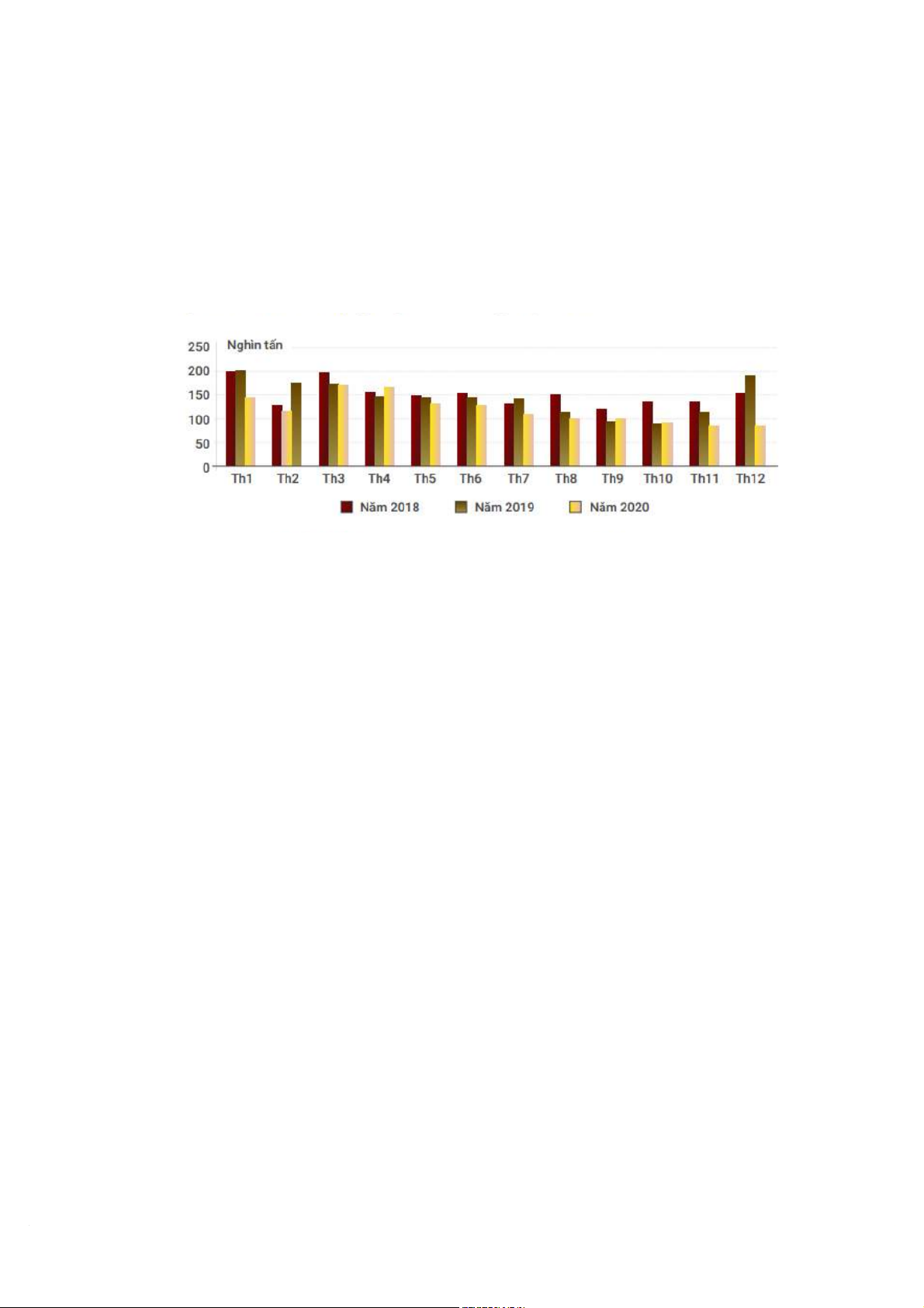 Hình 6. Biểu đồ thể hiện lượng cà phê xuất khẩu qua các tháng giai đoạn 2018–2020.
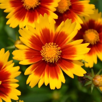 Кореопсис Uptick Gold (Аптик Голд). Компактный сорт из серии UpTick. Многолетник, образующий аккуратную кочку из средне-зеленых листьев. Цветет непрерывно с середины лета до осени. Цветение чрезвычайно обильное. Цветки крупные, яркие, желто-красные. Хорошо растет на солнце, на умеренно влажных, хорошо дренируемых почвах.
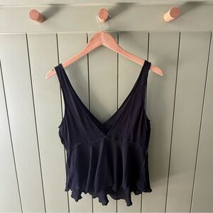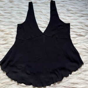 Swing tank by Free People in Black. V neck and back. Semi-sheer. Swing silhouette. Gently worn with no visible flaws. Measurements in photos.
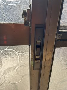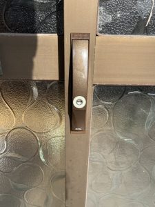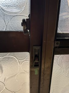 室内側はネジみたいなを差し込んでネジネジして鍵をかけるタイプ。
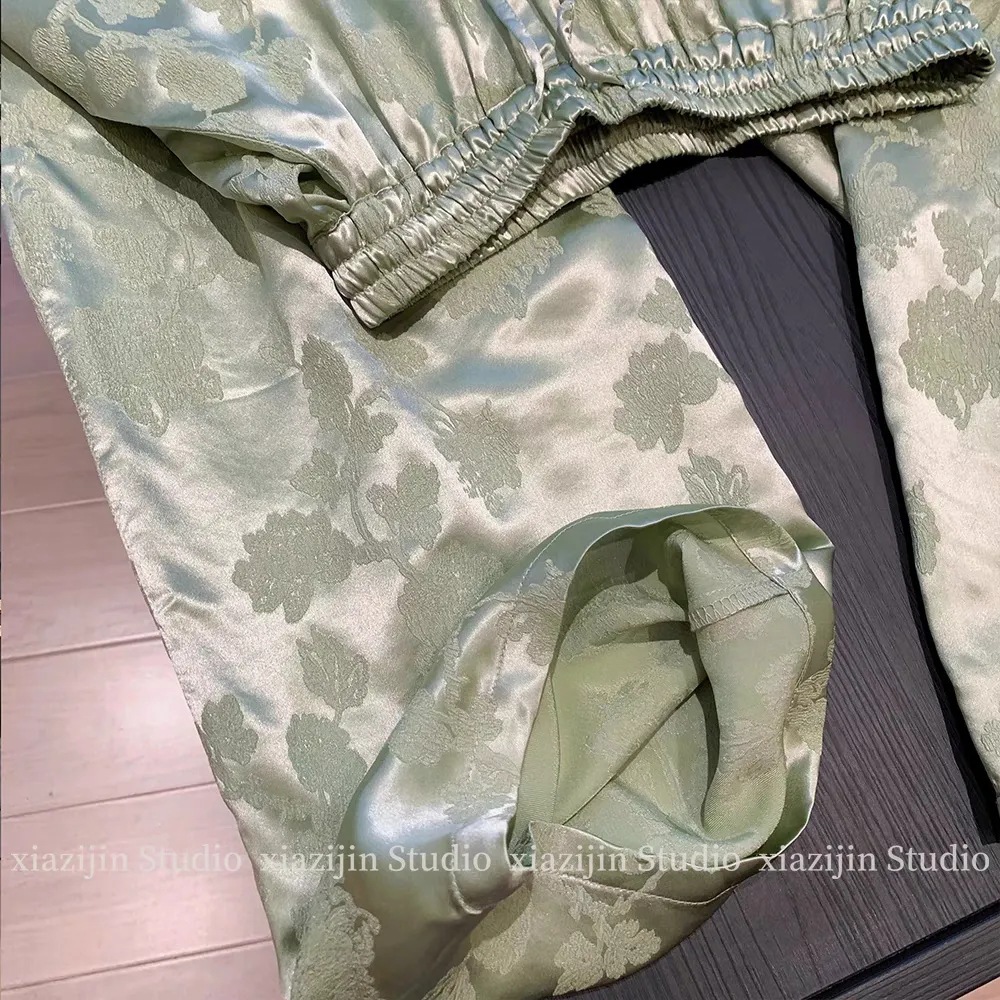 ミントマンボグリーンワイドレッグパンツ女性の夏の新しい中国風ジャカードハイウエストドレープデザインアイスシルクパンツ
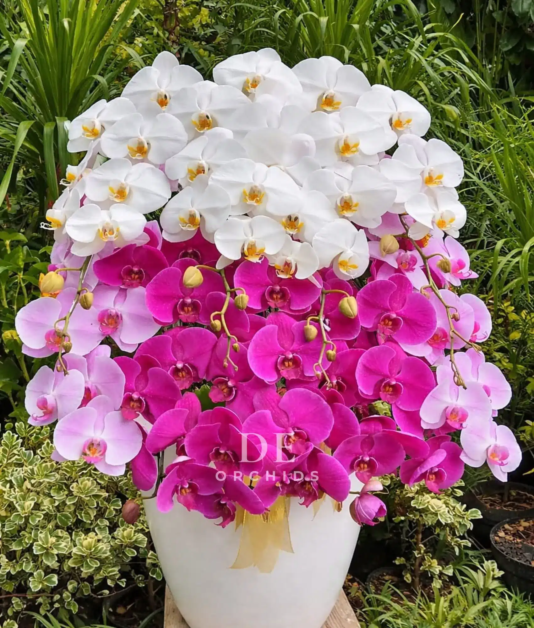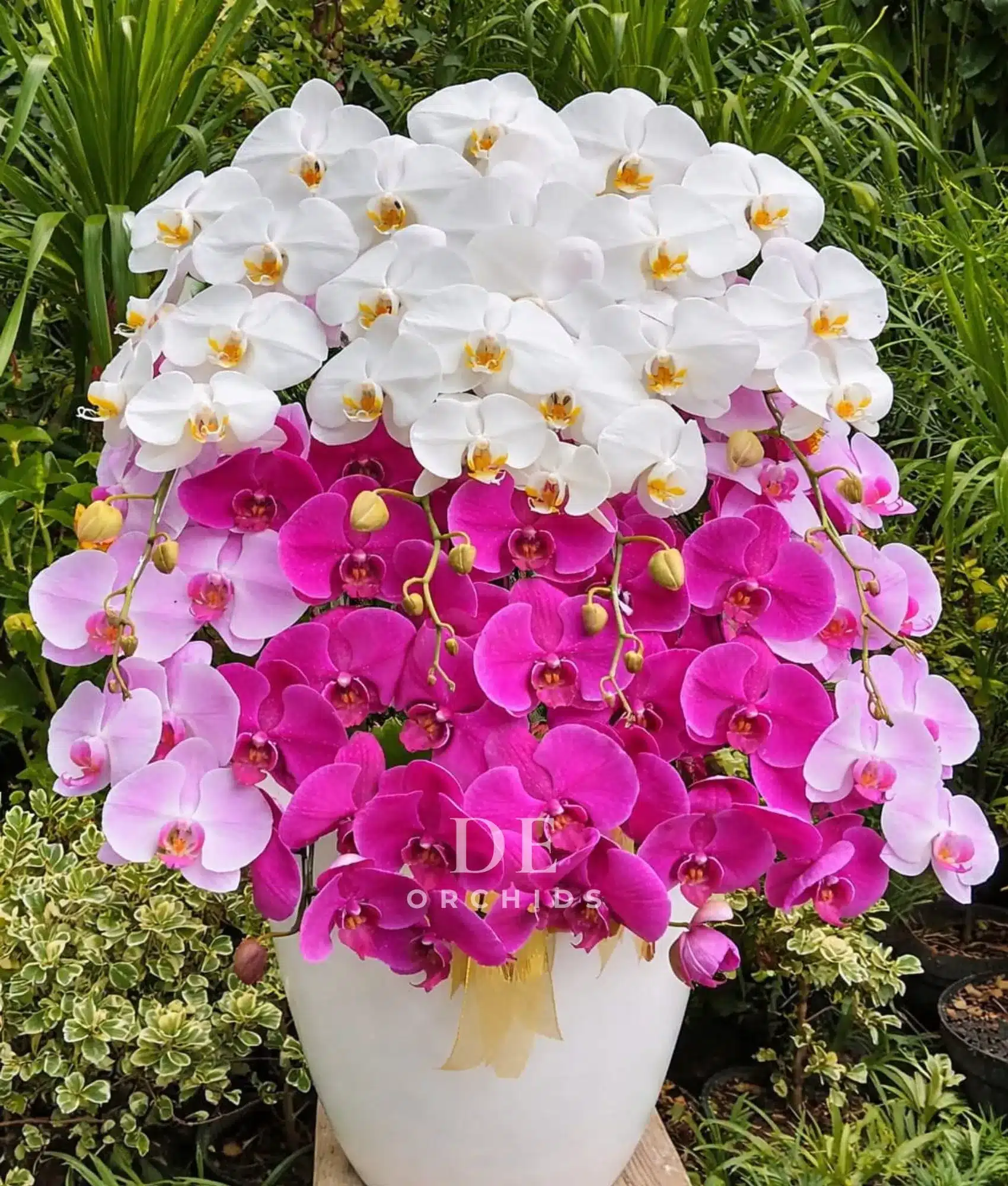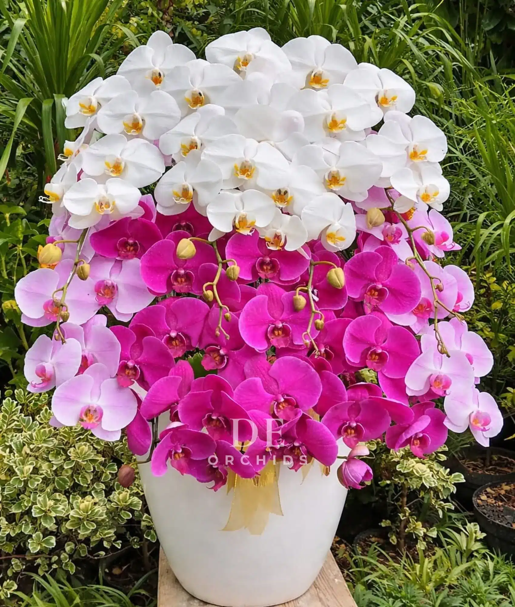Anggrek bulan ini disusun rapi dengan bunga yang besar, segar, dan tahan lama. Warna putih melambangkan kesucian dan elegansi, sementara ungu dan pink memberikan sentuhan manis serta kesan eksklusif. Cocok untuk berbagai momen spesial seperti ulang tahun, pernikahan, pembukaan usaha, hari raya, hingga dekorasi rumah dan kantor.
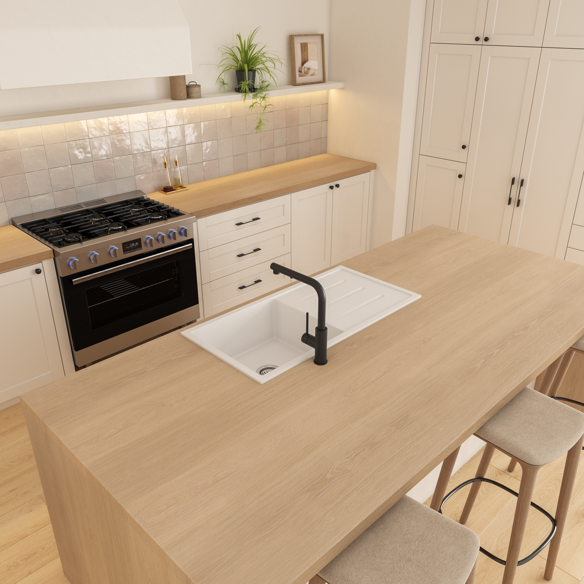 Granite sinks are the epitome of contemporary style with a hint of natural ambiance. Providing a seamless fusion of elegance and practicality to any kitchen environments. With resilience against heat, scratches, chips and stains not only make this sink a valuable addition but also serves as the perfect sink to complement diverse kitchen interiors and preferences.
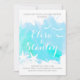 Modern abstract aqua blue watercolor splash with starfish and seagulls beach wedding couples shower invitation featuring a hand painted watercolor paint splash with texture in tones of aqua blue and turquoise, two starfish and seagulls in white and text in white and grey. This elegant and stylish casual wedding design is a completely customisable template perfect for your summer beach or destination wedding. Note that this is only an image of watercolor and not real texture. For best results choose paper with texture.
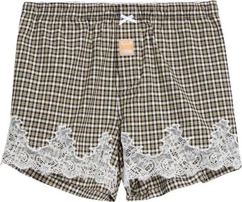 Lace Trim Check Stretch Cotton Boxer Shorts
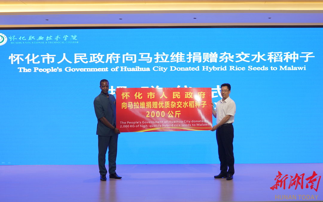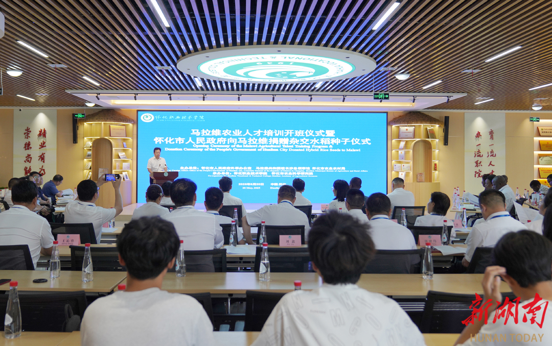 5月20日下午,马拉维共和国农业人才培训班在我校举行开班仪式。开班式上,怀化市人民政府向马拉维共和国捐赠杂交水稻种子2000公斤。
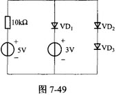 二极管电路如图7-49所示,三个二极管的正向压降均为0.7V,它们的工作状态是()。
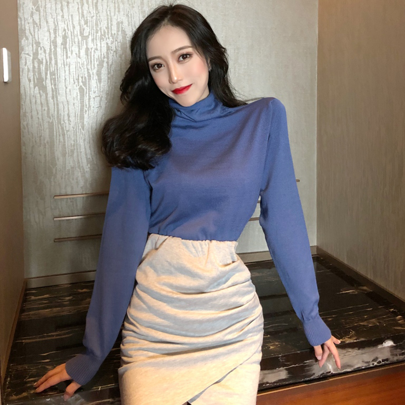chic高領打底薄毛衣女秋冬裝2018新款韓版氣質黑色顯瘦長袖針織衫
*****
[What this task involves] Return each line from the material above exactly, but not the pictures.

[Final answer]
 Hình 6. Biểu đồ thể hiện lượng cà phê xuất khẩu qua các tháng giai đoạn 2018–2020.
 Кореопсис Uptick Gold (Аптик Голд). Компактный сорт из серии UpTick. Многолетник, образующий аккуратную кочку из средне-зеленых листьев. Цветет непрерывно с середины лета до осени. Цветение чрезвычайно обильное. Цветки крупные, яркие, желто-красные. Хорошо растет на солнце, на умеренно влажных, хорошо дренируемых почвах.
 Swing tank by Free People in Black. V neck and back. Semi-sheer. Swing silhouette. Gently worn with no visible flaws. Measurements in photos.
 室内側はネジみたいなを差し込んでネジネジして鍵をかけるタイプ。
 ミントマンボグリーンワイドレッグパンツ女性の夏の新しい中国風ジャカードハイウエストドレープデザインアイスシルクパンツ
Anggrek bulan ini disusun rapi dengan bunga yang besar, segar, dan tahan lama. Warna putih melambangkan kesucian dan elegansi, sementara ungu dan pink memberikan sentuhan manis serta kesan eksklusif. Cocok untuk berbagai momen spesial seperti ulang tahun, pernikahan, pembukaan usaha, hari raya, hingga dekorasi rumah dan kantor.
 Granite sinks are the epitome of contemporary style with a hint of natural ambiance. Providing a seamless fusion of elegance and practicality to any kitchen environments. With resilience against heat, scratches, chips and stains not only make this sink a valuable addition but also serves as the perfect sink to complement diverse kitchen interiors and preferences.
 Modern abstract aqua blue watercolor splash with starfish and seagulls beach wedding couples shower invitation featuring a hand painted watercolor paint splash with texture in tones of aqua blue and turquoise, two starfish and seagulls in white and text in white and grey. This elegant and stylish casual wedding design is a completely customisable template perfect for your summer beach or destination wedding. Note that this is only an image of watercolor and not real texture. For best results choose paper with texture.
 Lace Trim Check Stretch Cotton Boxer Shorts
 5月20日下午,马拉维共和国农业人才培训班在我校举行开班仪式。开班式上,怀化市人民政府向马拉维共和国捐赠杂交水稻种子2000公斤。
 二极管电路如图7-49所示,三个二极管的正向压降均为0.7V,它们的工作状态是()。
chic高領打底薄毛衣女秋冬裝2018新款韓版氣質黑色顯瘦長袖針織衫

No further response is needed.